● **Record set**
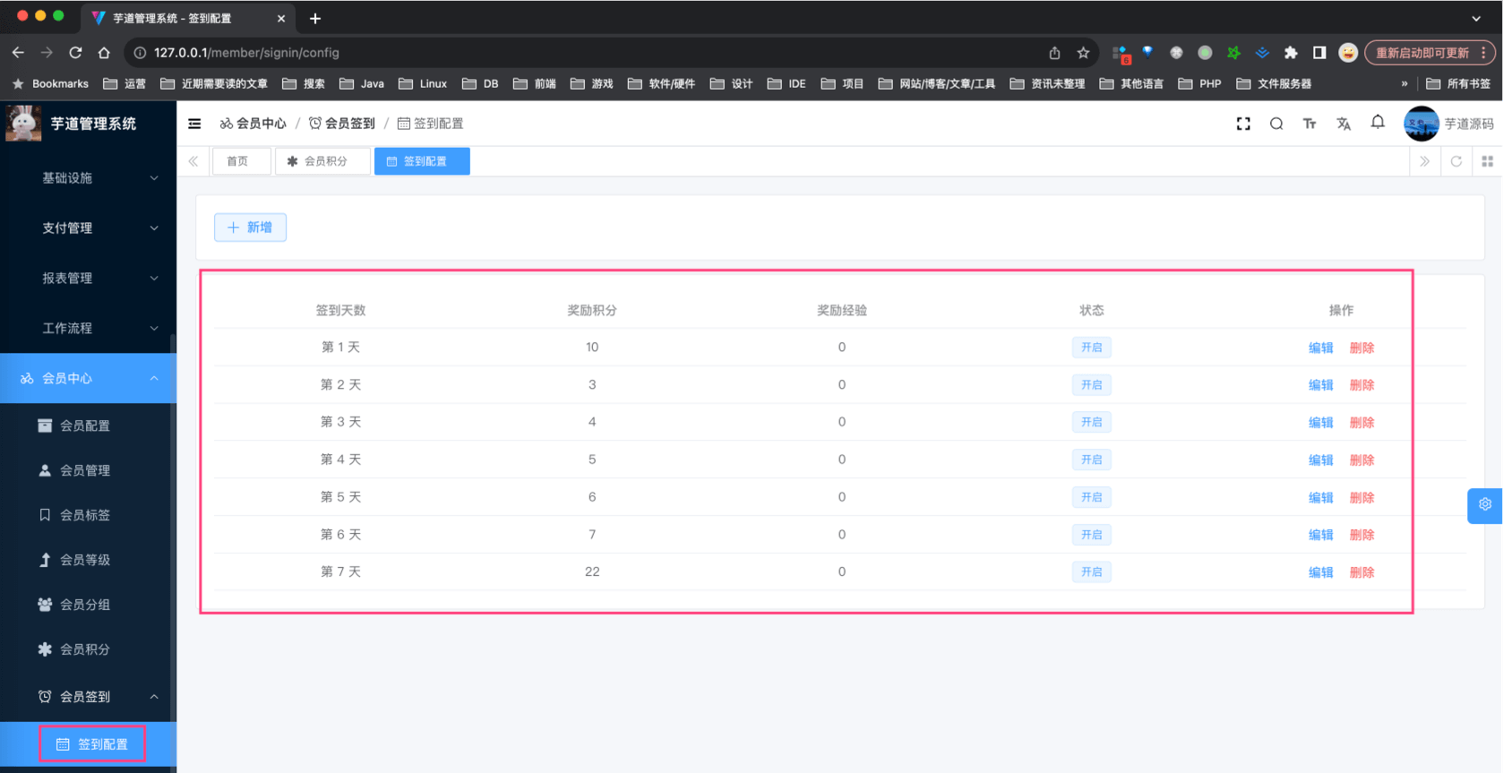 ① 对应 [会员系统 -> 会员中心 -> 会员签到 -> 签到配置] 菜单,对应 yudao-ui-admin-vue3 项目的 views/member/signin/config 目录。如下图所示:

==

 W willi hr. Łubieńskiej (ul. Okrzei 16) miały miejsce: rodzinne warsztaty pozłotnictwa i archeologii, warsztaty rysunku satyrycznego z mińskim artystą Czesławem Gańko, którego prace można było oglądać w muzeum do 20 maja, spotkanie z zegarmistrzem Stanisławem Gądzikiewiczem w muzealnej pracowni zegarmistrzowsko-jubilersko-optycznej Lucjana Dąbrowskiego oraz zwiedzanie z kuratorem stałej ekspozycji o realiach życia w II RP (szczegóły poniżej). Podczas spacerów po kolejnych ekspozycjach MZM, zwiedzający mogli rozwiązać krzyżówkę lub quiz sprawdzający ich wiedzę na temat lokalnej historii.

---

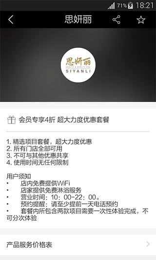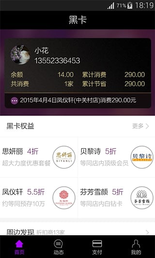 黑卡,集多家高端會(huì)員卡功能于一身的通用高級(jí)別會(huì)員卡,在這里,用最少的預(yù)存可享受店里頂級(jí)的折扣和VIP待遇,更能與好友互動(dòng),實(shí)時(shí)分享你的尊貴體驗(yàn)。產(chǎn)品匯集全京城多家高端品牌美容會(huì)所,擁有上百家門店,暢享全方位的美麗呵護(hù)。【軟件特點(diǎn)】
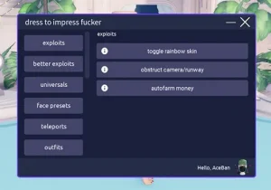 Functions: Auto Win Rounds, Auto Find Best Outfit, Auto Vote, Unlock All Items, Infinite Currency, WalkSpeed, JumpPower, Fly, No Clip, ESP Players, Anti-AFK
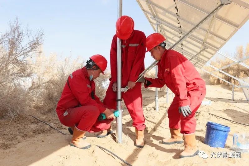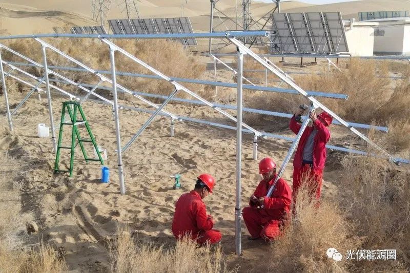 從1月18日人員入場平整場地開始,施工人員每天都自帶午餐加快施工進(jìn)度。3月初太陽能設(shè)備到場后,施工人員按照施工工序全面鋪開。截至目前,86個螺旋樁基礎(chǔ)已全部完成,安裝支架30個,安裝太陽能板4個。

● **Task to carry out**
Print the line above containing "黑卡,集多家高端會(huì)", the line containing "從1月18日人員入場平整場地", and everything between them, exactly as written. Pictures stay out.

● **Written answer**
 黑卡,集多家高端會(huì)員卡功能于一身的通用高級(jí)別會(huì)員卡,在這里,用最少的預(yù)存可享受店里頂級(jí)的折扣和VIP待遇,更能與好友互動(dòng),實(shí)時(shí)分享你的尊貴體驗(yàn)。產(chǎn)品匯集全京城多家高端品牌美容會(huì)所,擁有上百家門店,暢享全方位的美麗呵護(hù)。【軟件特點(diǎn)】
 Functions: Auto Win Rounds, Auto Find Best Outfit, Auto Vote, Unlock All Items, Infinite Currency, WalkSpeed, JumpPower, Fly, No Clip, ESP Players, Anti-AFK
 從1月18日人員入場平整場地開始,施工人員每天都自帶午餐加快施工進(jìn)度。3月初太陽能設(shè)備到場后,施工人員按照施工工序全面鋪開。截至目前,86個螺旋樁基礎(chǔ)已全部完成,安裝支架30個,安裝太陽能板4個。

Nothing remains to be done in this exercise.